日中、現場に行くため外に出ますが、汗が止まらず度々水分補強をしながらでないと暑さで参ってしまいそうになります。同じ時期、暑い町として知られる熊谷市では猛暑日が続き、中には最高気温が38℃近くになる日も出たほどです。

気温について書きましたが、暮らす地域により様々な日射量や降水量など気候の違いがあります。これは、日本列島が南北に長く、北は亜寒帯から南は亜熱帯まで様々な気候区分に属しているからです。また、高い山々が連なる山脈があり、冬は日本海側では曇りや雪、雨の日が多く、太平洋側では晴れの日が多くなります。

Photo / Tomio Ohashi・Design / Masahito Nagata

そうした地域による気候の違いを把握し、計画に落とし込んでいきます。

写真の物件は、私が事務所に勤めていた時に担当していた住宅です。場所は山梨県の西部で、周囲には果樹園や水田があり、西を向けば北アルプス。

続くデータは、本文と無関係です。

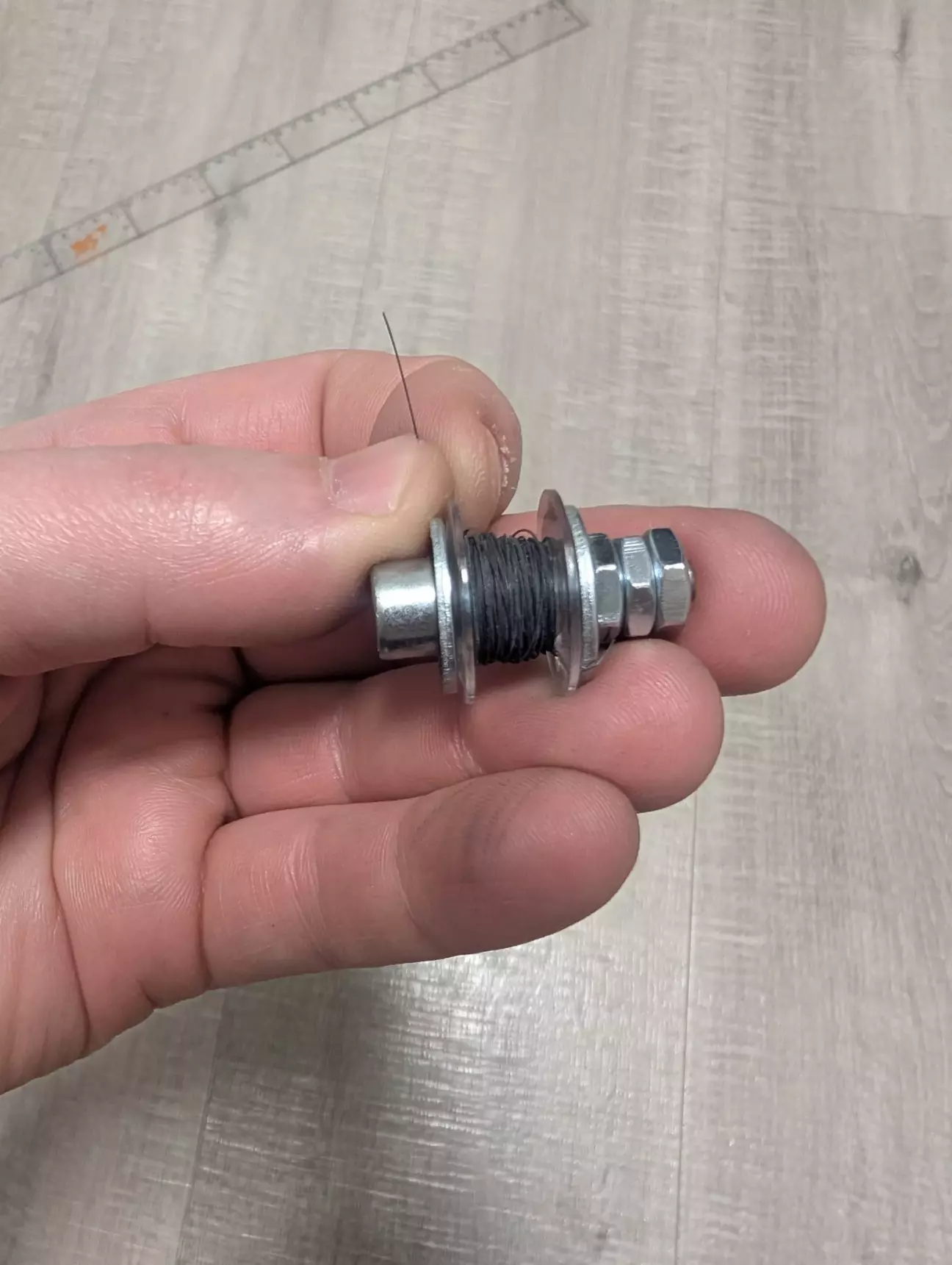 Намотав нагрівальний дріт періодично фіксуючи каптоновим скотчем (він міцний і дуже тонкий). В позиції на 3 години і 9 годин вкладав його зигзагом і фіксував «петельки» шматочками папір’яного тонкого пластира.
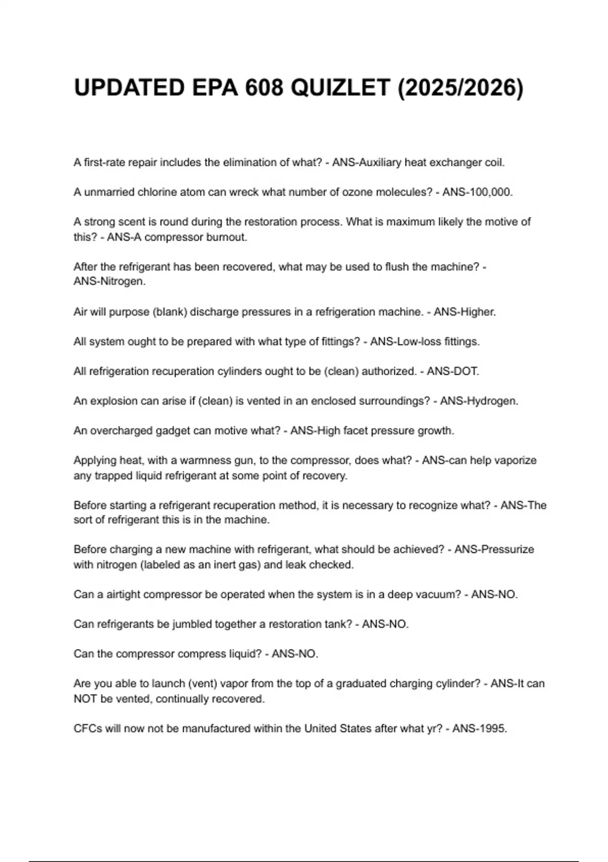 EPA 608 Universal QUESTIONS AND CORRECT DETAILED ANSWERS 2025/2026 (VERIFIED ANSWERS) |ALREADY GRADED A+||BRAND NEW!! (ALL BUNDLED HERE!!!)

東を向けば筑摩山が望める場所です。冬は寒さが厳しく雪が降り積もり、夏は気温が高いという盆地特有の内陸性気候にあたる地域になります。

この住宅は、玄関と洗面脱衣室、浴室が1階。玄関から半階上がった所に居間と食堂、台所。寝室は玄関から下がった半地下にあります。このようなスキップフロアの構成は、周囲の景色が素晴らしく室内から日常的に見える事。積雪がある冬でもお庭仕事などに活用できるベランダを居間と一体的に使えることを考え計画されています。

Photo / Tomio Ohashi・Design / Masahito Nagata

また、この地域は日射量が比較的多い所でしたので、屋根にソーラー設備を設置しています。もちろん効率が上がるよう屋根の向きは南向きにし、勾配にも注意を払っています。

そうすることで夏場は日射熱を利用してお湯をつくり炊事やお風呂。冬場は日射熱によって温められた空気を室内に取り入れ暖房に利用することができます。

Photo / Tomio Ohashi・Design / Masahito Nagata

風の強い地域でもあり、住まい手のご要望から居間の大きな窓に雨戸も設けています。

住まい手に伺うと、この雨戸が夏場にも役立っているようで、朝出るときに雨戸を閉めていくと熱気がこもらず、帰ってきても通風だけで過ごせるそうです。ちなみに居間には将来の設置できるようエアコンの場所と配管を用意しましたが、今のところ設置はしていないとの事です。

東京都市圏では、このような気候はあまり見られませんが、それでも地域や周囲の状況により環境は違います。そうした環境の違いを把握し建物の計画をすることが、心地よい暮らしに繋がっていくのではないでしょうか。